You don’t need a killer generic to build a brand

My good friend Mike Berkens at TheDomains seemed to be in ‘shock and awe‘ mode today, over the rebranding of Buy.com as ‘Rakuten’.

A couple of facts: Rakuten exists as a brand since 1999 in Japan, having used the name “Rakuten Ichiba” since 1997. Apparently, Rakuten generated $4.7 billion dollars in revenue in 2011, a year after they bought Buy.com for $250 million dollars.

I believe that Buy.com was the first retailer I spent money on, long before Amazon. Their service wasn’t spectacular then, and I wasn’t drawn to the company because I randomly typed “Buy.com” in the web browser; even back then in 1998, Buy.com was a brand for consumer electronics and computer parts.

Soon though, I moved to using retailers such as Amazon or Newegg. The latter – hardly a generic – is my favorite destination for computer gear to this day, simply because of the stellar customer service and low prices they provide.

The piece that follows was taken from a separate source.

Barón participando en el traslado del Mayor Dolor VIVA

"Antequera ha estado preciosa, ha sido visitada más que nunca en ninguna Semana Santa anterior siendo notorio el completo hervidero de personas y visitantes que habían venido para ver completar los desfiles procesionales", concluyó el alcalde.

So for more than a decade, Buy.com slipped into oblivion; if I were to follow the logic of domainers, since I wanted to “buy” something I should just enter that generic keyword in Google or the browser.

That’s not how businesses are built, however. Brandsnames that are partially or fully crafted – move the Internet, a word that is also a brand: nobody is looking for “information superhighway,” thank goodness.

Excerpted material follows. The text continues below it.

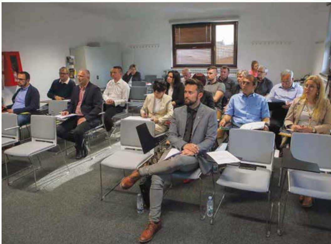
S 35. sjednice Gradskog vijeća Ivanec

Grad Ivanec, istaknuo je, još se uvijek bori s posljedicama lanijskih poplava i bujica, a najveći su problem klizišta (od kojih je najkritičnije u Margečanu). Iako je Grad Ivanec lani

Ultra generics serve a purpose, but they cannot overthrow the strengths of brands: Nike, Microsoft, Xerox, Pepsi, Audi, BMW, Canon etc.

I’m not sure what Rakuten will do with Buy.com; my guess is that they will wrap it into a service and sell it off to a company willing to use it as an outlet. Brand penetration, after all, requires a brand that even when it makes use of a generic word, it’s used as a manifestation of a product or service.

Just ask Apple.com.

Comments

  1. Amen brother.

  2. Amen!

  3. Generics have their place in every industry, but they aren’t the magic bullet that will solve your business needs. Brands, on the other hand, can become very significant due to their uniqueness and connection to products and services they are associated with.

  4. I buy your basic proposition, Theo… (lol)

    But, don’t forget, for a brand to become successful, it has to be built – promoted, serviced, differentiated, eyeballed, and accepted…..VERY expensive to do, and takes a long time….

    Buying & using a bang-on generic domain – that describes your business proposition, product, or service – is part way to buying the brand, itself.

    …ie its cheaper – and more efficient – to part-buy the brand by buying the generic domain, than to build a no-name domain/brand from scratch.

    Balance in all things.

  5. Voltaire – Nobody said a brand *will* succeed every time ;) But a generic without equal promotion is weaker than the weakest brand. Also, brands can be created out of thin air, thus making their initial inception cheaper; for a generic, you will have to pay a lot.